The National Committee for Responsive Philanthropy (NCRP) sees itself as an “independent watchdog of foundations.” But is clearly an organization with a strong “social justice” bent. It should surprise no one that this report from its Philamplify unit looks largely askance at the Walton Family Foundation’s grant making in education. WFF and NCRP may both get out of bed each morning resolved to advance the cause of social justice, but they operate on very different theories of action. Everything that follows is a function of these differences.
For example, the report criticizes WFF’s “overreliance” on market-based reform vehicles. This is a bit like criticizing a fish for its overreliance on water. Walton’s support of charter schools and choice does not “hinder the transformative potential of the foundation’s education program”; it is the transformative potential of its program. Similarly, the report holds that the expansion of high-quality charter schools and related advocacy have created “meaningful benefits for individual students and families, but have not achieved far-reaching, sustainable and equitable system-wide improvement”—a finding that is a mere two or three generations premature (and elides the utter failure of much longer-standing democratic institutions to bring about those same ends).

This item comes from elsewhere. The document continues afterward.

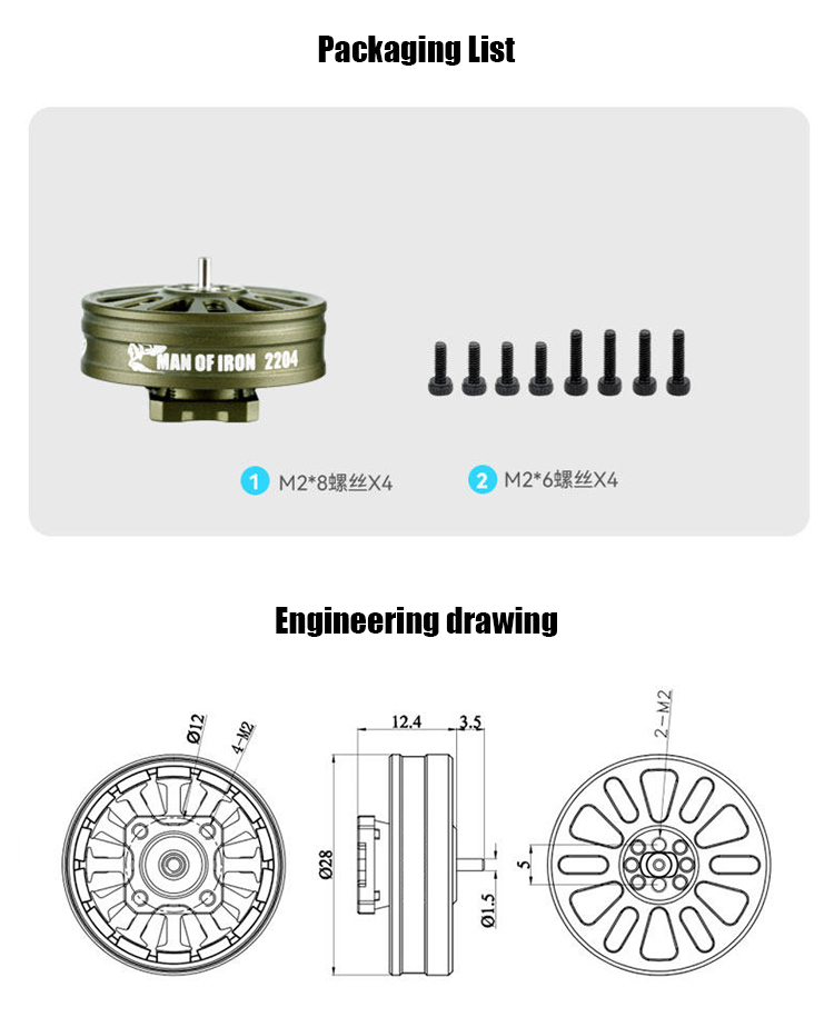 TOP2204 1900KV/2300KV 4-6S Brushless Motor for 3-5 inch FPV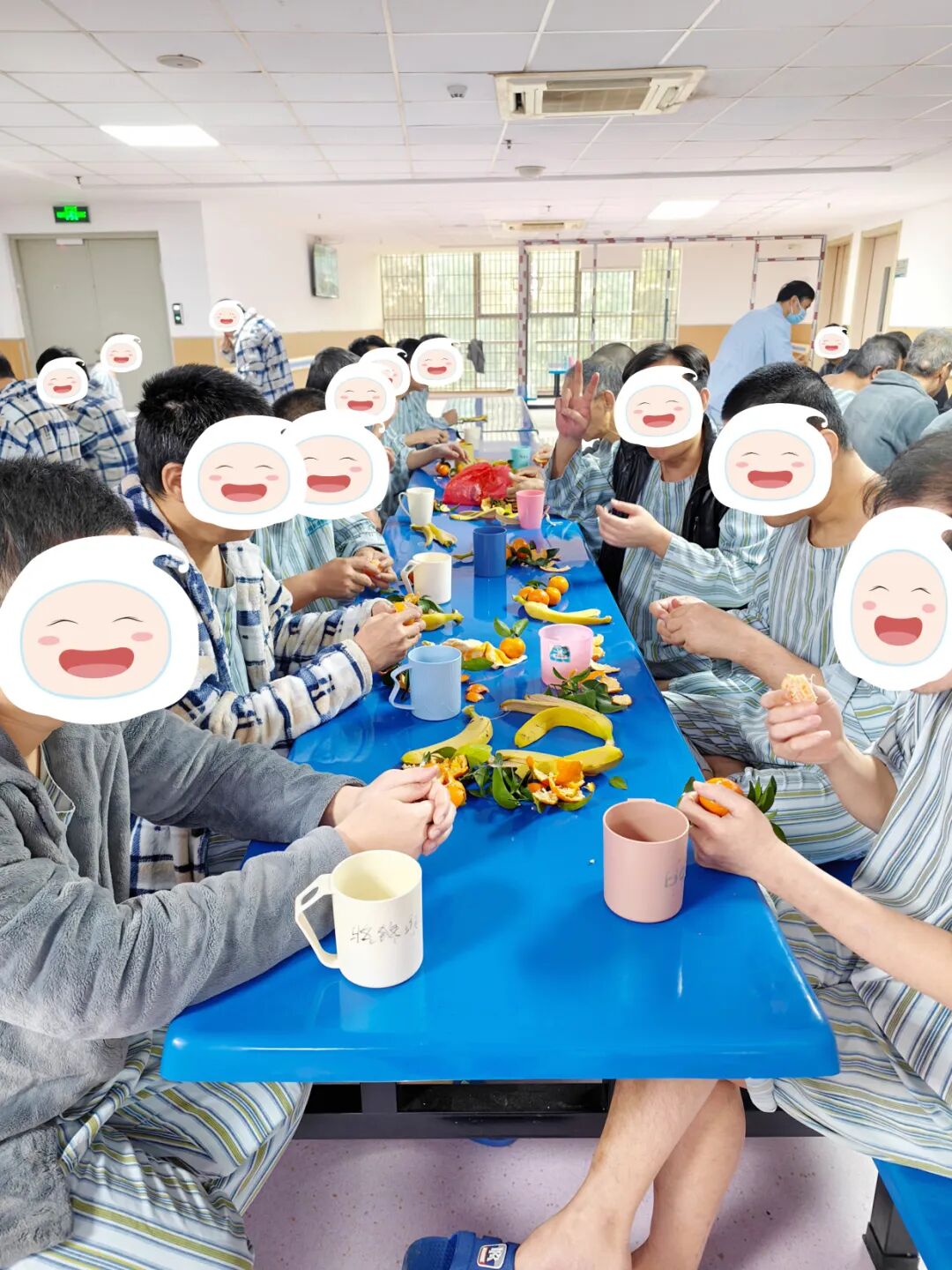 特别令人动容的是老年精神科的温馨场景。考虑到部分老年患者行动不便,医护人员不仅将水果剥好、分成小块,更贴心地将香蕉和橘子送到患者嘴边。“您慢慢吃,不着急。”医护们轻声细语地喂行动不便的患者吃橘子,动作自然轻柔。这种超越常规护理的细致关怀,让节日温暖直抵人心。老年精神科护士长李雅玲表示:“对于活动受限的患者,我们要做的不仅是医疗照护,更是通过每一个细节传递尊重与关爱。”

Affluent Americans, by dint of their ability to pay tuition or move to communities with excellent schools, have always enjoyed a substantial degree of choice when it comes to educating their children. It seems lost upon Gita Gulati-Partee, author of the Philamplify report, that increasing choice in disadvantaged communities might be the very definition of “prioritizing equity as part of sustainable social change” or “maximizing social justice outcomes with greater strategic thinking, transparency and accountability,” two of Philamplify’s recommendations. Walton will be forgiven for wondering if that’s not precisely what they’ve long been doing.
The evaluation is not hostile or dismissive, merely obtuse. Its criticisms are earnest and unfailingly polite, rendered in respectful, collegial tones that only occasionally veer into condescension. “WFF expresses a genuine concern for and commitment to opportunity for people living in poverty,” the report notes. That the authors felt compelled to say so explicitly says much about how their audience views Walton and its grant making.
There are many other particulars I’d take exception to. A long section of the report insists that, “on the whole, charters do no better than traditional public schools and many do worse.” This is a claim that is becoming increasingly difficult to support in light of the 2015 CREDO report (also funded by Walton), which found that urban charters are making real, measurable differences for low-income kids of color. This information somehow leads Philamplify to make the claim that “charters only perform less badly than traditional district schools without actively changing conditions for the affected communities.”
Ah. I see.
The bottom line is that Walton’s vision of market-driven change is not NCRP’s. This report tells us more about NCRP’s preferred social justice means that Walton’s social justice ends.